Spark Strutured Streaming automatically converts timestamp to local time

Note:

This answer is useful primarily in Spark < 2.2. For newer Spark version see the answer by astro-asz

However we should note that as of Spark 2.4.0, spark.sql.session.timeZone doesn't set user.timezone (java.util.TimeZone.getDefault). So setting spark.sql.session.timeZone alone can result in rather awkward situation where SQL and non-SQL components use different timezone settings.

Therefore I still recommend setting user.timezone explicitly, even if spark.sql.session.timeZone is set.

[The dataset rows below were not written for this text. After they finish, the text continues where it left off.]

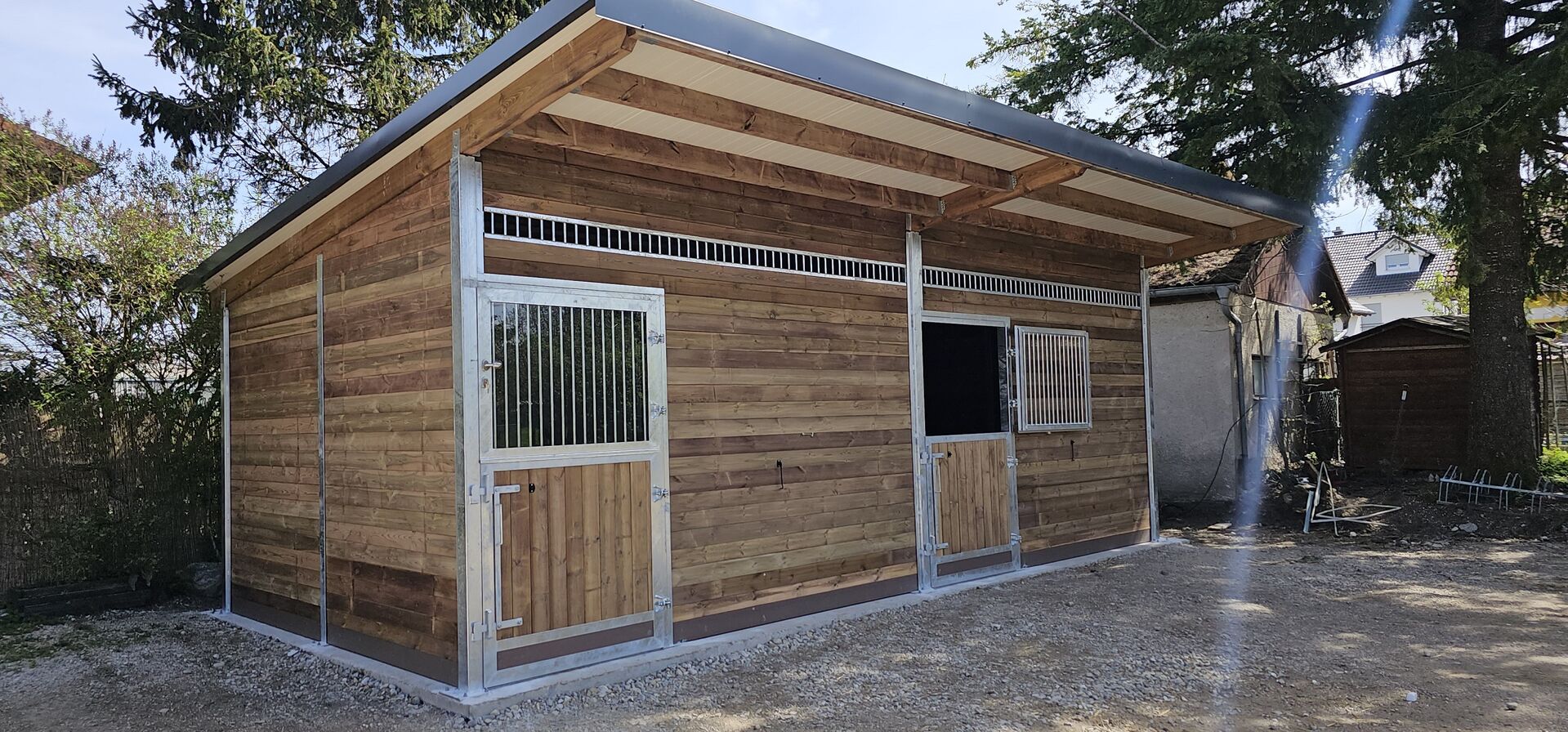 Hochwertige Außenställe für Pferde - robust, langlebig und speziell konstruiert für hohe Wind- und Schneelasten. Ideal für Paddocks, Reitställe, private Stallungen und Außenbereiche.
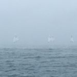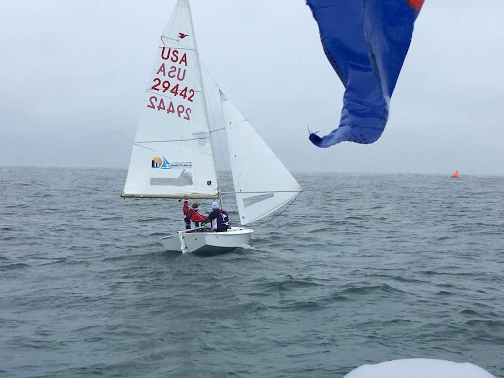 On Sunday, the temperature plummeted into the 50’s, very chilly for Florida. With the water warmer than the outside temperature, a mist appeared all over the course, as heat rose from the water. The cold front that had gone through earlier in the morning left for Sunday’s racing light, even spottier and shiftier wind from the northwest (2-9 knots). Ratcheting up the difficulty, a disproportionate chop beat up the boats every time they tried port tack.
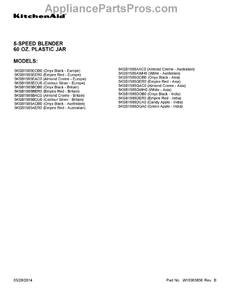 Parts for Kitchenaid 5KSB1585GAC0: 01 - Cover Sheet Parts
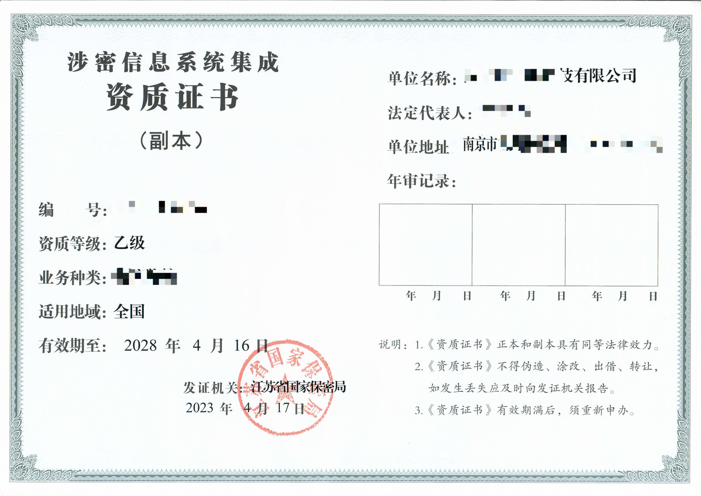 四、关于南京仲子路科技公司的涉密信息系统集成资质

TL;DR Unfortunately this is how Spark handles timestamps right now and there is really no built-in alternative, other than operating on epoch time directly, without using date/time utilities.

You can an insightful discussion on the Spark developers list: SQL TIMESTAMP semantics vs. SPARK-18350

The cleanest workaround I've found so far is to set -Duser.timezone to UTC for both the driver and executors. For example with submit:

bin/spark-shell --conf "spark.driver.extraJavaOptions=-Duser.timezone=UTC" \
                --conf "spark.executor.extraJavaOptions=-Duser.timezone=UTC"

or by adjusting configuration files (spark-defaults.conf):

spark.driver.extraJavaOptions      -Duser.timezone=UTC
spark.executor.extraJavaOptions    -Duser.timezone=UTC

For me it worked to use:

spark.conf.set("spark.sql.session.timeZone", "UTC")

It tells the spark SQL to use UTC as a default timezone for timestamps. I used it in spark SQL for example:

select *, cast('2017-01-01 10:10:10' as timestamp) from someTable

I know it does not work in 2.0.1. but works in Spark 2.2. I used in SQLTransformer also and it worked.

I am not sure about streaming though.